Lucy Mission Now Has a New Destination
upstart writes in with an IRC submission for Bytram:
Lucy mission now has a new destination:
Less than two years before launch, scientists associated with NASA's Lucy mission, led by Southwest Research Institute, have discovered an additional small asteroid that will be visited by the Lucy spacecraft. Set to launch in 2021, its 12-year journey of almost 4 billion miles will explore the Trojan asteroids, a population of ancient small bodies that share an orbit with Jupiter.
This first-ever mission to the Trojans was already going to break records by visiting seven asteroids during a single mission. Now, using data from the Hubble Space Telescope (HST), the Lucy team discovered that the first Trojan target, Eurybates, has a satellite. This discovery provides an additional object for Lucy to study.

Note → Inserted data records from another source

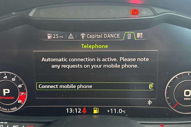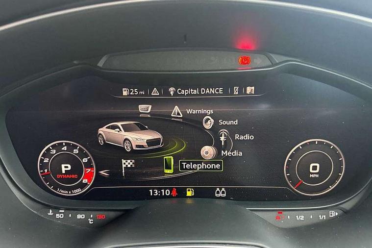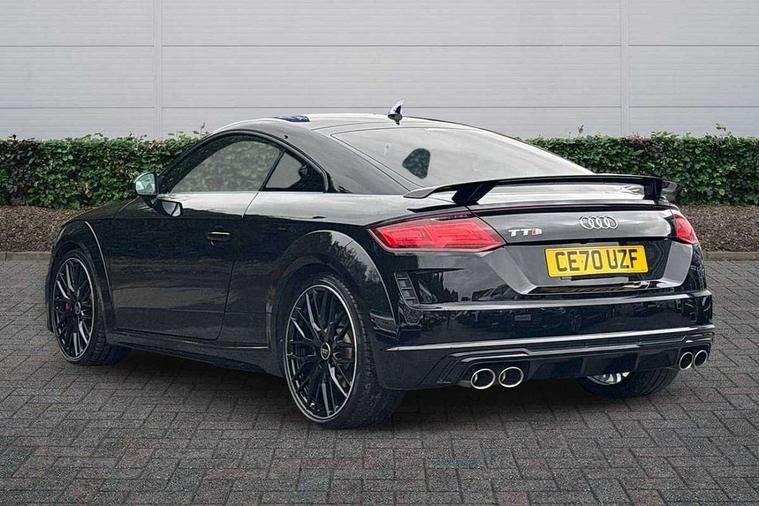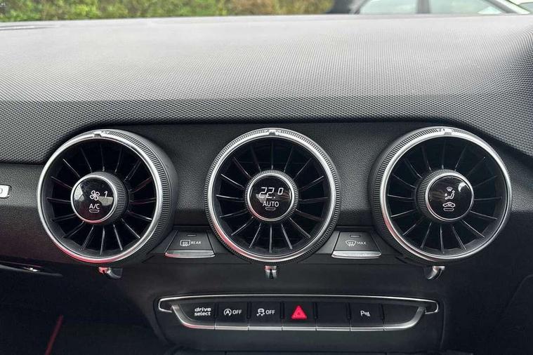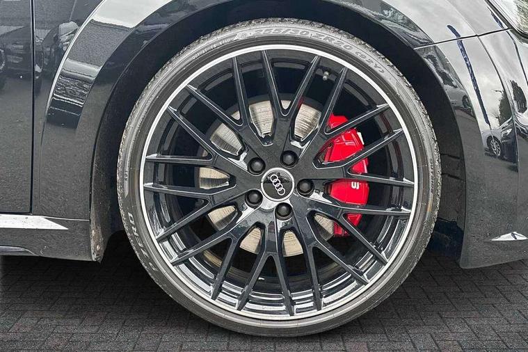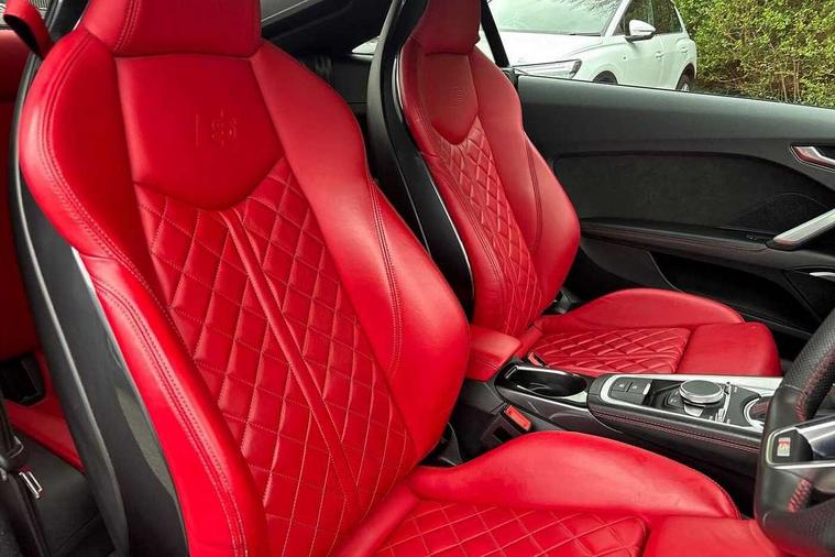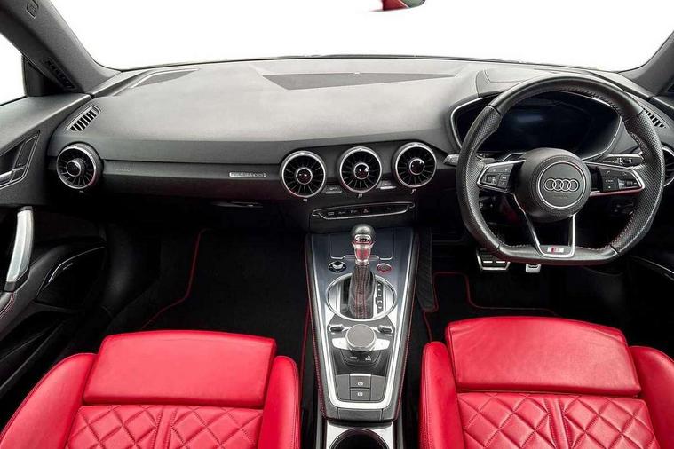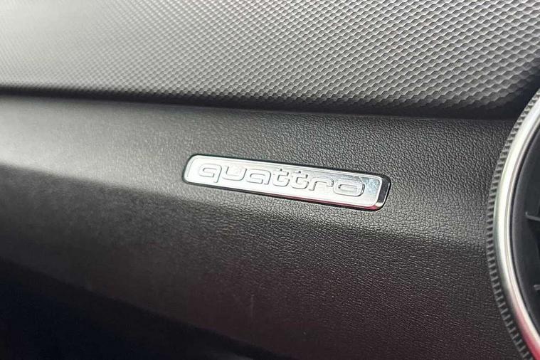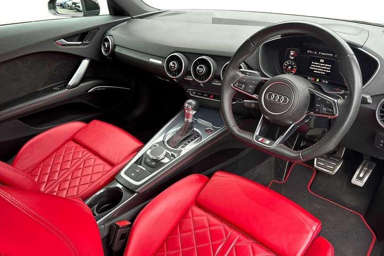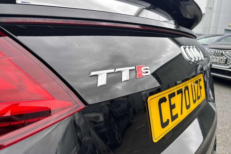 Audi active lane assist, Audi connect, Audi drive select with 4 Pre configured modes, Audi phone box, Audi smartphone interface, Audi Virtual Cockpit with sport gauge, Cruise control + speed limiter, MMI Navigation plus, MMI touch panel, Mobile phone preparation with bluetooth interface, Progressive power assisted steering, Service interval indicator, Start/Stop system with energy recuperation, TP memo, Audi magnetic ride, TTS suspension, AM/FM radio, Bluetooth audio streaming, DAB Digital radio, MMI Radio with CD player and SD/XC card slot, Audi Beam uses LEDs to project the Audi Sport logo, Auto dimming rear view mirror, Auto headlight range control, Black chrome tailpipe, Black door mirrors, Dark privacy glass from B-pillar backwards, Dynamic rear indicators, Electric folding door mirrors, Electric front windows, Green tinted heat insulating glass, Headlight wash system, LED daytime running lights, LED headlights with LED rear lights + dynamic rear indicators, Light and rain sensors, Platinum grey rear diffuser, S body styling, Sunband for windscreen, 12V socket, 3 spoke flat bottomed high multi-function leather sport steering wheel with gearshift paddles, 4 way electric lumbar support for driver and front passenger, Black headlining, Chrome slate grey interior trim, Deluxe auto air conditioning with integrated digital display, Door sill trims with aluminium inlay and TTS logo, Extended aluminium look with stainless steel pedals, Front centre armrest, Heated front seats, Height adjustable driver's seat, Height adjustable front head restraints, Height/reach adjust steering wheel, Interior elements in quartz anthracite, ISOFIX child seat mounting for front passenger seat with airbag deactivation, Perforated leather gearknob, Rear head restraints, Rear top tether child seat ISOFIX attachment, Split folding rear seat, Top tether anchor plate for isofix child seat, Black styling pack - TT, Leather pack - TTS, LED interior light pack - TT/TT RS, Non smoking pack - TT/TT RS, 3 point front seat belts, ABS, ASR traction control, Brake energy regeneration, Curtain airbags, Driver and front passenger airbag with front passenger airbag deactivation, EDL traction control, Electromechanical parking brake, ESP, First aid kit, Front side airbags, Head airbags, Hill hold assist, Seatbelt warning, Tyre pressure warning, Warning triangle, Anti theft alarm, Anti theft wheel bolts, Immobiliser, Keyless Go, Remote central locking, Matt brushed aluminium inlays, Tool kit, Tyre repair kit,
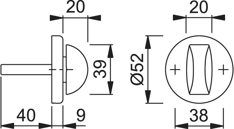 Stift vorstehend: 40.00 MMT
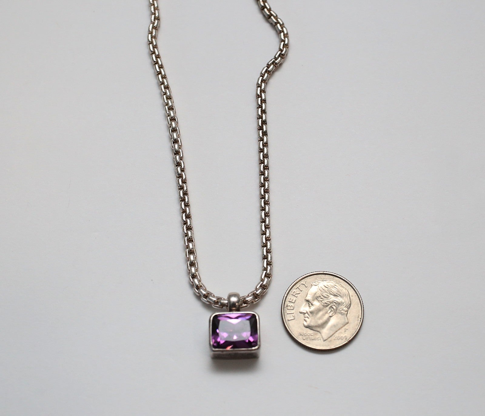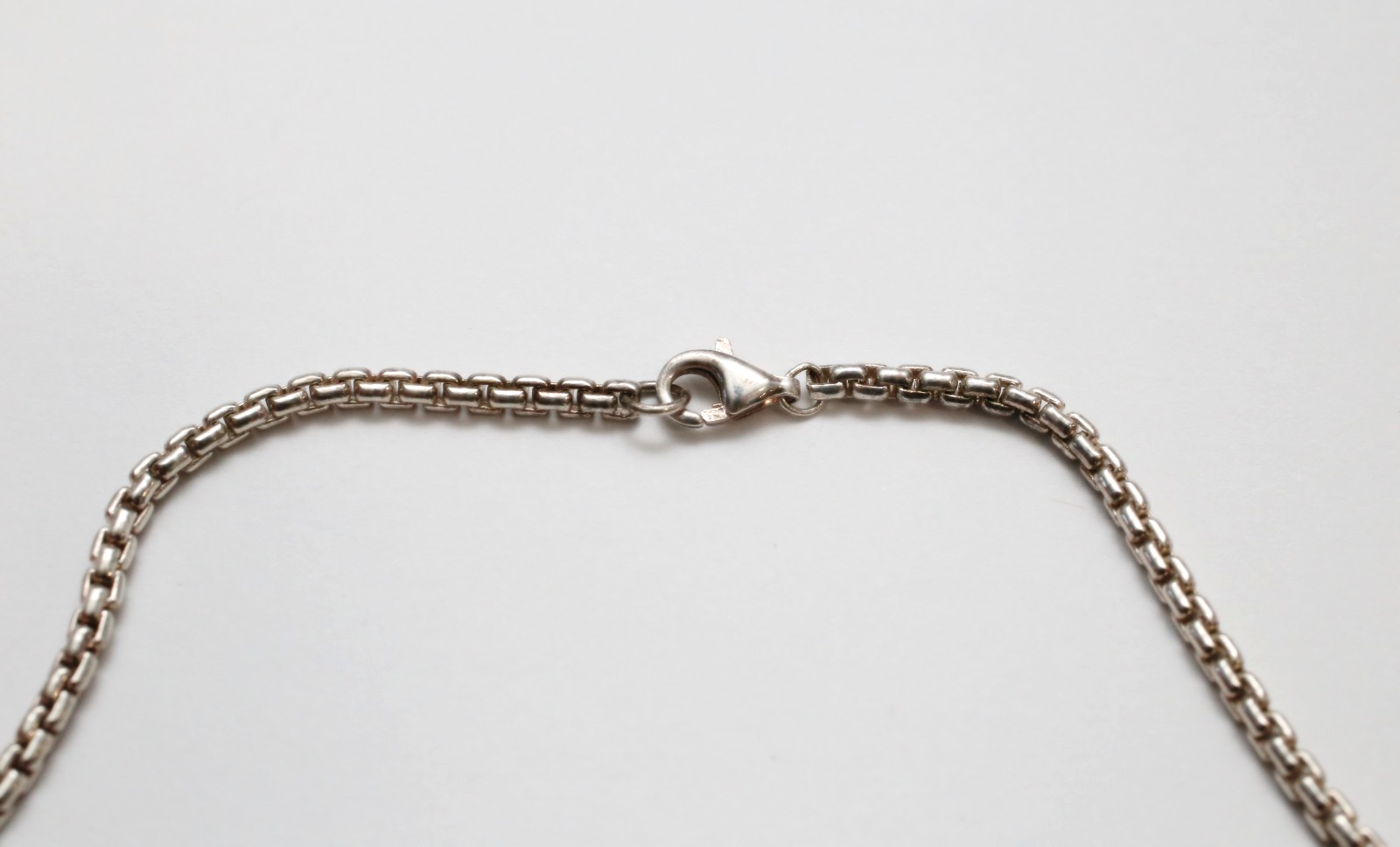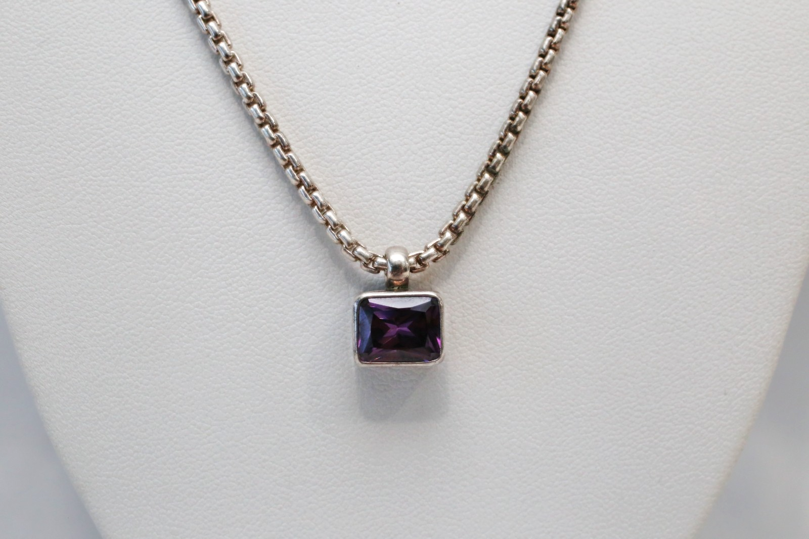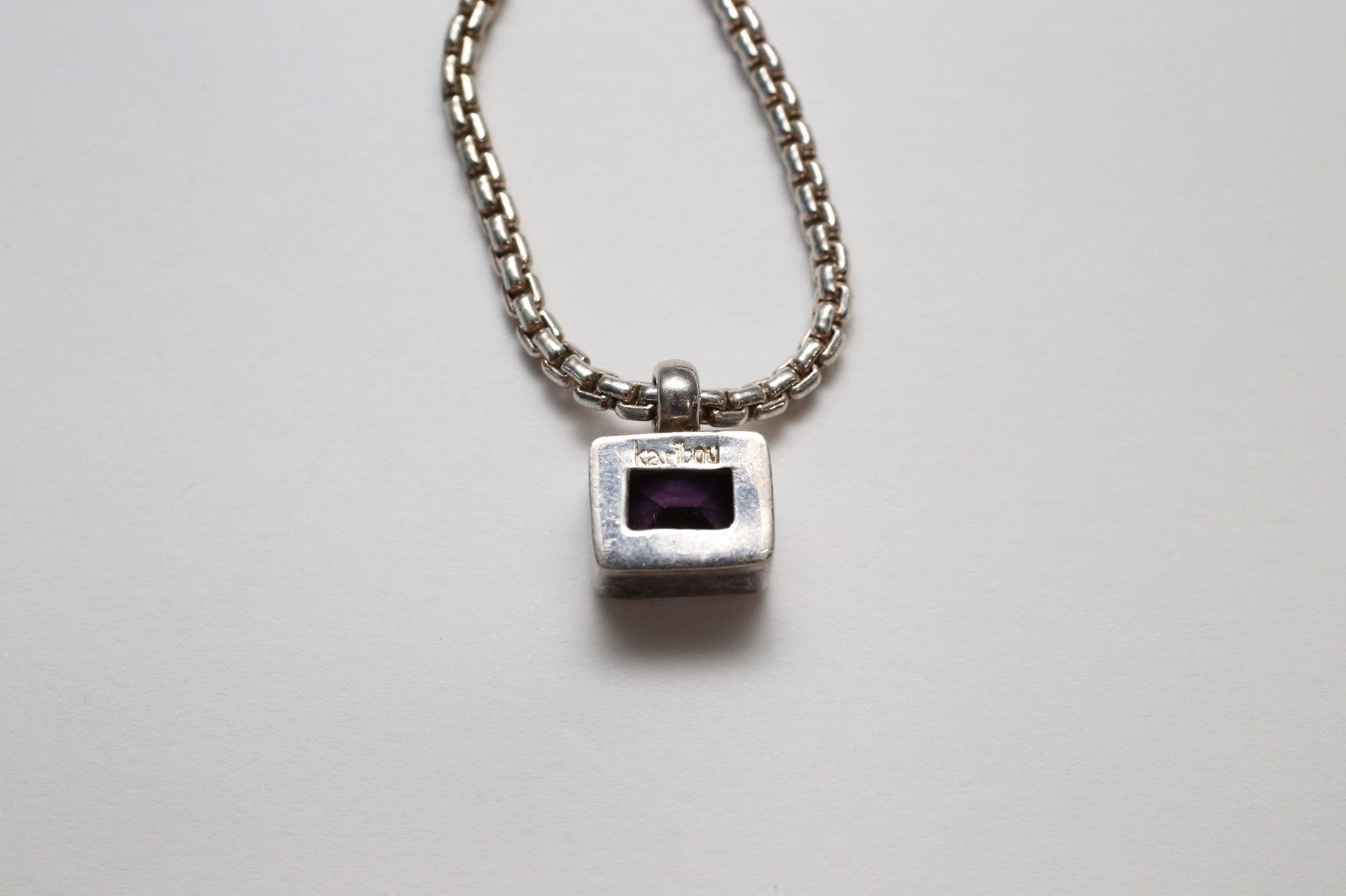This Karibou sterling silver necklace features a bold, modern box chain paired with a sleek bezel-set pendant. Its clean lines and structured design offer a contemporary yet timeless aesthetic.
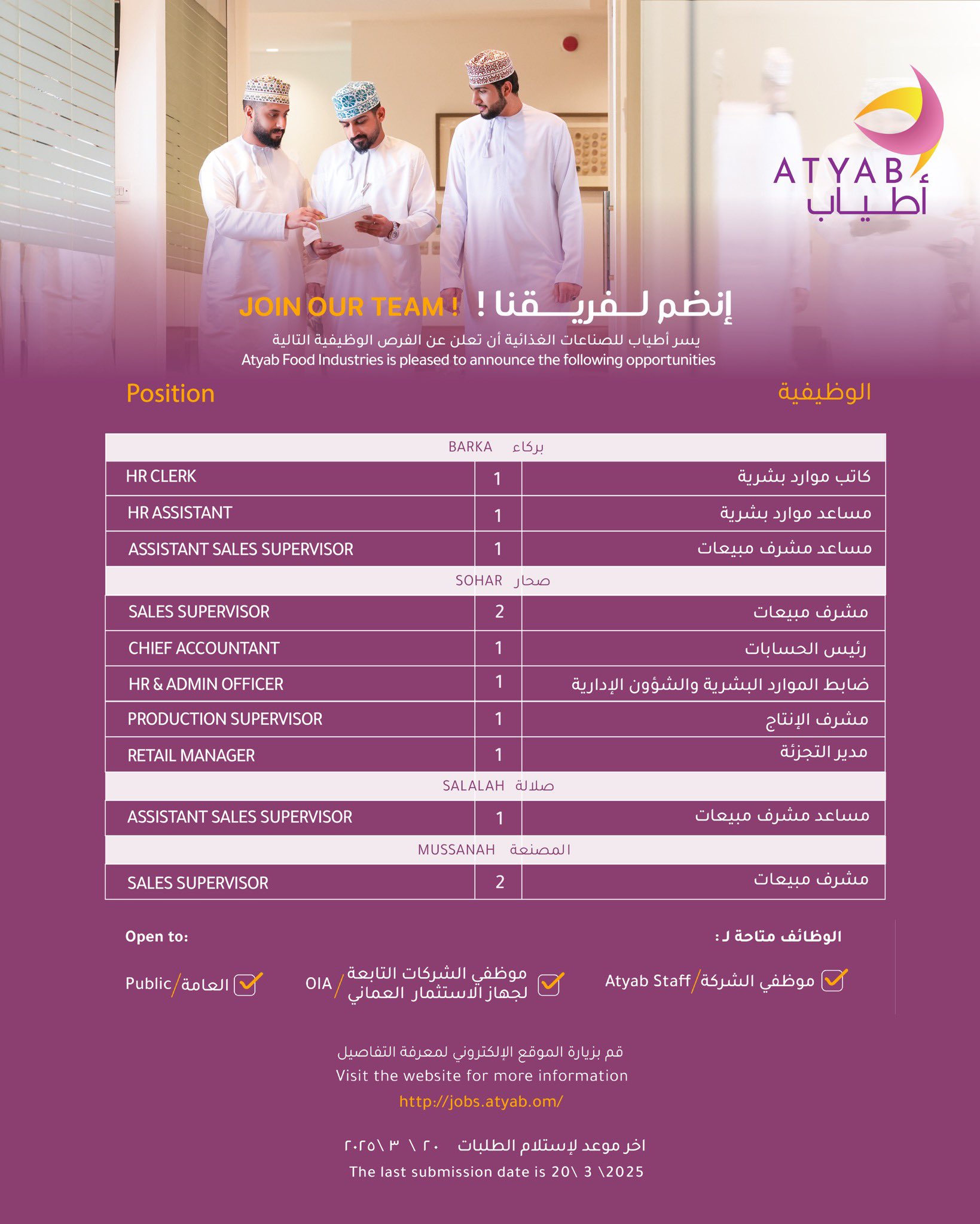 شركة أطياب للصناعات الغذائية - 10 وظائف شاغرة
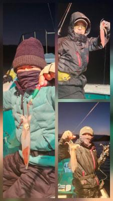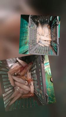 | 半夜イカ釣り出船。ここ最近、渋くテクニカルな釣りになってきました😅ケンサキ1人あたり28、27、22、5ハイ、スルメ1モンコウ1 |
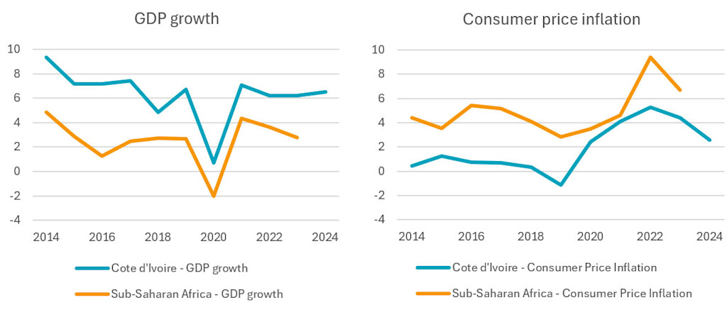 Ivory Coast has evolved into an economic powerhouse in the past decade, blasting past its Sub-Saharan peers. Between 2012-2019, Ivory Coast averaged a stunning 8.2% GDP growth against a global average of just under 3%. With 6.1% GDP growth in 2024, stunning growth is back on track, with inflation also in check.
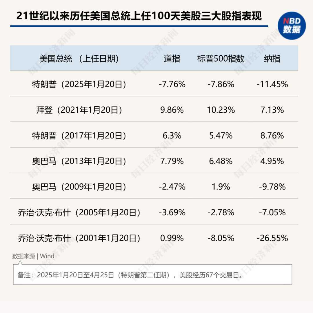 历史性低迷开局:从1月20日至4月25日,道琼斯工业平均指数累计下跌7.76%,标准普尔500指数下挫7.86%,纳斯达克综合指数更是暴跌11.45%。
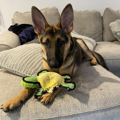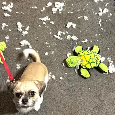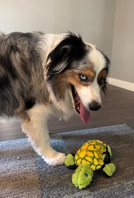 This toy outlived our dog and has been passed on to another family dog. Our dog was quite a chewer, easily tearing into stuffies within minutes. Somehow the Kong turtle made it through aggressive chewing and was her favorite toy. She would select it from her toy bin and throw it into the air. Caroline was probably not the most aggressive chewer compared to others, yet this toy lasted for at least two years — the ONLY one that she was unable to destroy!
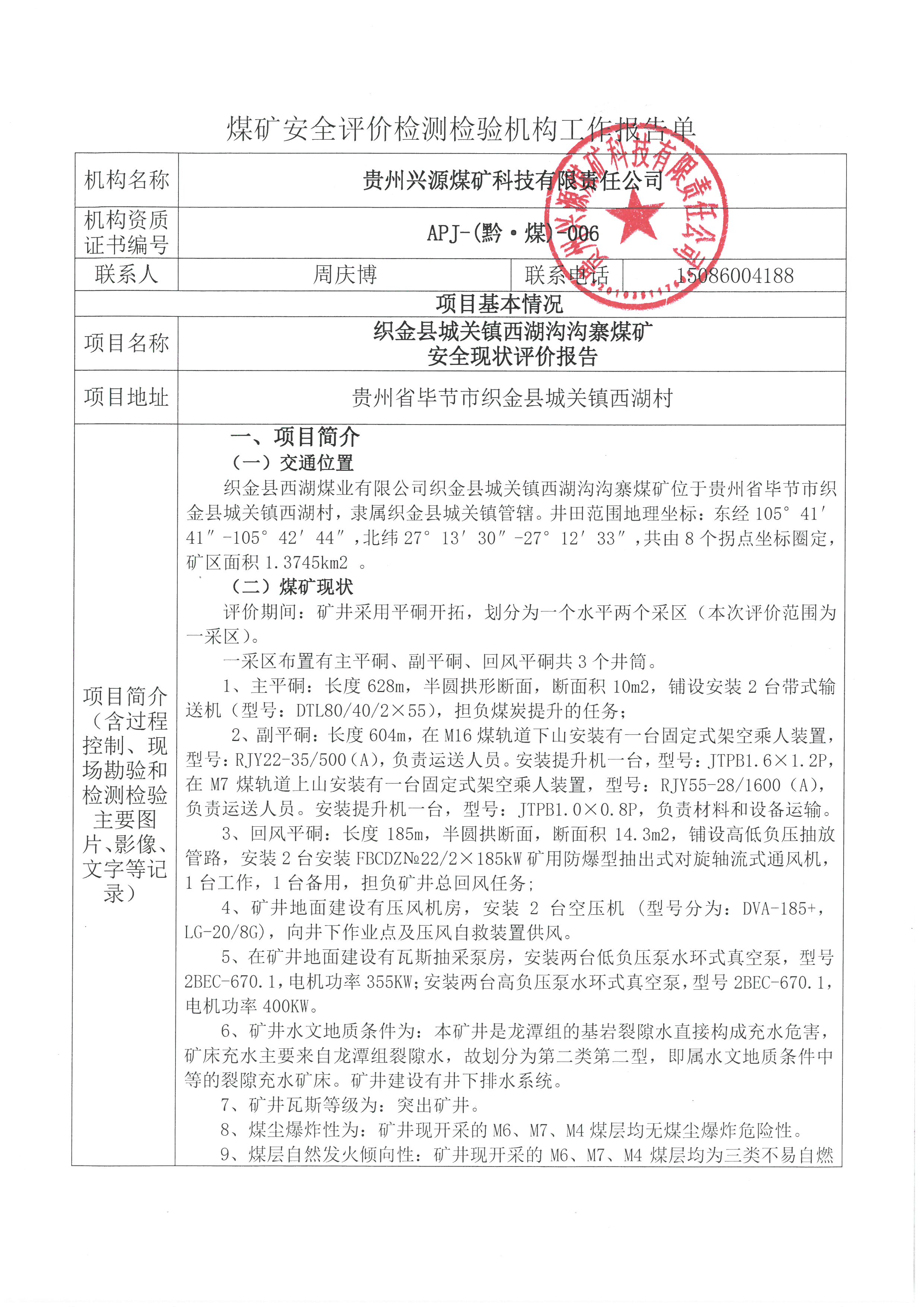煤礦安全評價檢測檢驗機構工作報告單【織金縣西湖煤業有限公司織金縣西湖溝溝寨煤礦安全現狀評價報告】
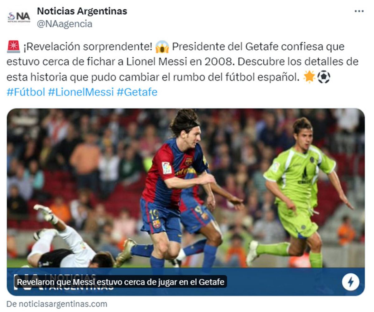 El interés de Getafe por Messi fue en 2008 y el máximo dirigente español confirmó que estuvo cerca de ser refuerzo: "Estábamos en Europa, fuimos al sorteo y estaba Txiki (Begiristain, actualmente director deportivo de Manchester City), que me dijo que estaban pensando para entrenar al Barça en (Michael) Laudrup y dije: ‘bueno, pues yo me llevo a Guardiola’”.

"If I had to bet that one of our destinations had a satellite, it would have been this one," said SwRI's Hal Levison, principal investigator of the mission. "Eurybates is considered the largest remnant of a giant collision that occurred billions of years ago. Simulations show that asteroid collisions like the one that made Eurybates and its family often produce small satellites."
This correlates with big Kuiper Belt objects thought to be cousins to the Trojans, which show evidence of both massive collisions and small satellites.
[...] The small object was difficult to spot, in part, because Eurybates is 6,000 times brighter than its satellite. This implies that it's less than 1 km (0.5 miles) across, which, if correct, would make it among the smallest objects ever visited by a spacecraft.
"Before we believed that it was actually real, we had to make sure that a single satellite could actually fit all of the data," said SwRI's Cathy Olkin, deputy principal investigator of the Lucy mission. "Using computer simulations, we demonstrated many possible satellite orbits that match both the observations where we can see the satellite, as well as the times when we don't."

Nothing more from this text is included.